The Boca Raton is a luxury resort and club in Boca Raton, Florida, founded in 1926, today comprising 1,047 hotel rooms across 337 acres. Its facilities include two 18-hole golf courses, a 50,000 sq. ft. spa, seven swimming pools, 30 tennis courts, a full-service 32-slip marina, 13 restaurants and bars, and 200,000 sq. ft. of meeting space.  The property fronts both Lake Boca (part of the Intracoastal Waterway) and the Atlantic Ocean. The resort was operated as part of Hilton's Waldorf Astoria Hotels and Resorts, and it is owned by an affiliate of MSD Partners.

History
The resort first opened on February 6, 1926, as the 100-room Ritz-Carlton Cloister Inn. Originally designed and built by Boca Raton's city planner, architect Addison Mizner, who intended Camino Real to be the main street of his new city, it was to have been one of two hotels, with the other being an oceanfront hotel. However, the Ritz-Carlton Investment Corporation became involved in the project and wanted the oceanfront hotel redesigned, so construction began on the smaller and financially more viable 100-room inn on the west side of Lake Boca Raton.

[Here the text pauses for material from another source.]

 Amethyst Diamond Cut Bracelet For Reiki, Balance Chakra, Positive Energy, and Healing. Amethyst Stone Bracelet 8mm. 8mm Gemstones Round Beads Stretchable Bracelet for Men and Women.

Mizner's development company, hurt by the end of the Florida land boom of the 1920s and the 1926 Miami hurricane, declared bankruptcy in 1926. Philadelphia utility millionaire Clarence H. Geist bought its assets in 1927, and he expanded the Cloister Inn into the Boca Raton Club. The architectural firm Schultze and Weaver doubled the inn's size, and a cabana club was constructed where the "Addison on the Ocean" condominium building now stands.

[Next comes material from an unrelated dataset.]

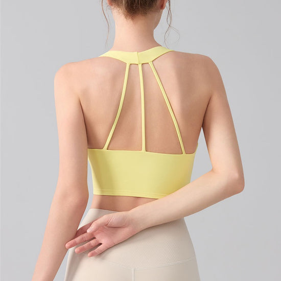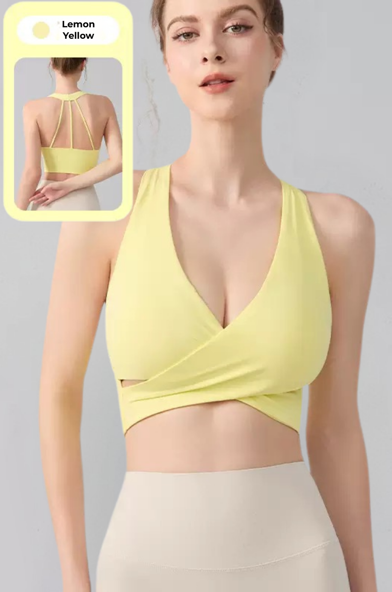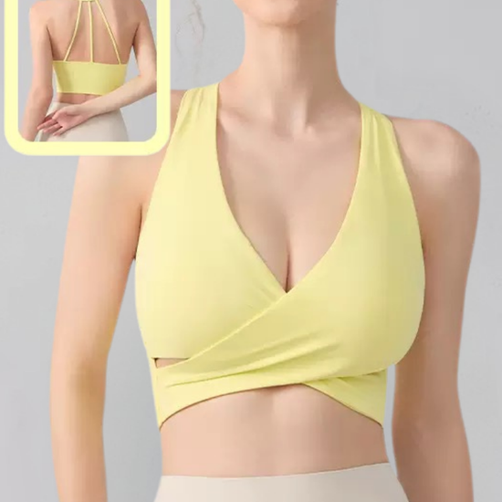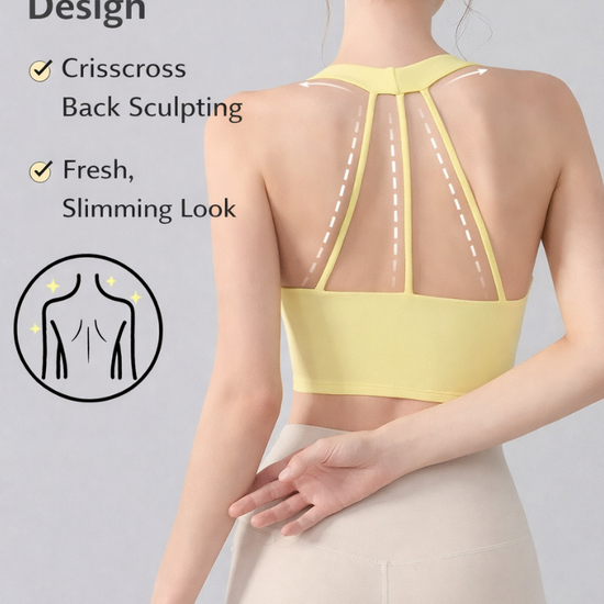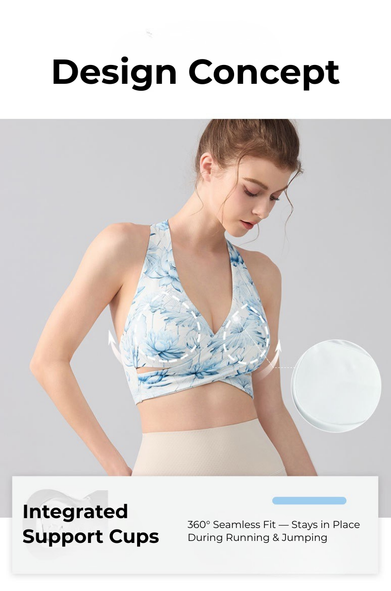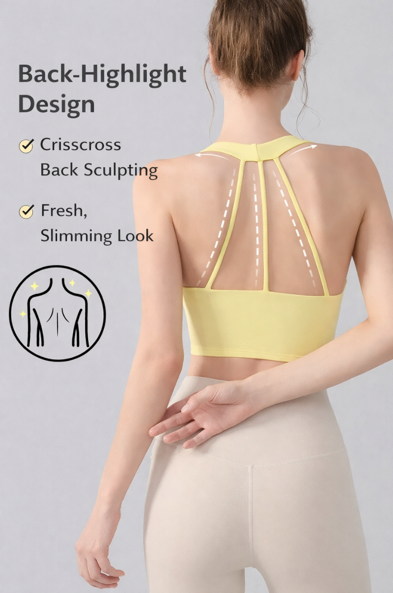 The integrated support cups create a smooth, secure fit that stays in place during movement, making this sports bra ideal for yoga, training, and athleisure styling.

Subsequently, the U.S. Army used the club as barracks during World War II. Touted by officials as "the most elegant barracks in history," it housed soldiers during the Boca Raton Army Air Field's operation.

After the war, the Boca Raton Club's ownership and ultimately name were changed. The Schine family purchased the club in 1944, renaming it the Boca Hotel and Club. While it was affectionately known on brochures as The Boca Raton, the resort was part of the identical Schine portfolio which included the Biltmore Hotel in Coral Gables and the McAllister Hotel in Miami.

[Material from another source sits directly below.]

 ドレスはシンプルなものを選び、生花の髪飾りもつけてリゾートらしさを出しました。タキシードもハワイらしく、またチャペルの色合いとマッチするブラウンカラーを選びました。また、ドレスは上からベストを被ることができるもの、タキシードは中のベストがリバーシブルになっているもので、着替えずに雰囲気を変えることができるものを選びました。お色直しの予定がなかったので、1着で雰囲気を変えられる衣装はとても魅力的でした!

Arthur Vining Davis, whose brainchild was the Arvida Corporation, was responsible for modernizing the hotel. Opening the Boca Raton Club Tower in 1969, the building is still considerably taller than any other building in southern Palm Beach County. In addition, its famous "Boca pink" color has made it more famous than its stature of 300 feet (ninety-one meters) and twenty-seven floors, and it is commonly referred to as the "pink hotel". Arvida also constructed the resort's beach club in 1980, on the site that Mizner had intended the main hotel to stand on.

VMS Realty, Incorporated (Van Kampen, Morris, Stone), the successors to Arvida regarding ownership, purchased the property in 1983 and renamed it in 1988 as the Boca Raton Resort & Club.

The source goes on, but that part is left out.